Kirkus Reviews QR Code
A CLERK OF OXENFORD by Gilbert Highet

A CLERK OF OXENFORD

By

Pub Date: Oct. 28th, 1954
Publisher: Oxford

Stimulating, provocative, this second volume of essays by the author of People, Places and Books challenges the success of the first, and will be welcome to all who enjoy his popular radio program. He divides the material into three sections,- prose, poetry, imagination and Reality -- which permit ample scope for conversation and conjecture. He talks of here of historical romance, and using Sclinko's Desiree as a model, takes note of whether these heroines conform to actuality or to an accepted pattern.
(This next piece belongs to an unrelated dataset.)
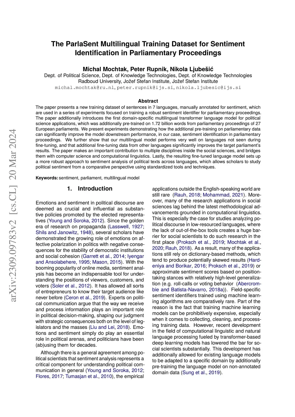 Sentiments inherently drive politics. How we receive and process information plays an essential role in political decision-making, shaping our judgment with strategic consequences both on the level of legislators and the masses. If sentiment plays such an important role in politics, how can we study and measure it systematically? The paper presents a new dataset of sentiment-annotated sentences, which are used in a series of experiments focused on training a robust sentiment classifier for parliamentary proceedings. The paper also introduces the first domain-specific LLM for political science applications additionally pre-trained on 1.72 billion domain-specific words from proceedings of 27 European parliaments. We present experiments demonstrating how the additional pre-training of LLM on parliamentary data can significantly improve the model downstream performance on the domain-specific tasks, in our case, sentiment detection in parliamentary proceedings. We further show that multilingual models perform very well on unseen languages and that additional data from other languages significantly improves the target parliament's results. The paper makes an important contribution to multiple domains of social sciences and bridges them with computer science and computational linguistics. Lastly, it sets up a more robust approach to sentiment analysis of political texts in general, which allows scholars to study political sentiment from a comparative perspective using standardized tools and techniques.

He writes of George Orwell, suggesting that he, while in essense an outcast, yet provided valuable social observations that only an outsider of his peculiar makeup could supply. Now with scholarly half lift of eyebrow, now with easy turn of phrase, Mr. Highet contributes depth to his observations, in thinking of poetry, he restates many old truths:- its rhythmic delight, its power to teach, its expression of the mystic and the religious, its many facets of use. They are as important today as yesterday, as evident in Tennyson as in a Japanese line. Perhaps the most interesting section, dealing with imagination and reality, ranges over a wide variety of topics:- invectives and ""kitch"" (by which he means his attraction to flo style); the undersea world and mountain climbing; chess; the crying need we have today for a more basic knowledge of science. A book to be read for pleasure and profit.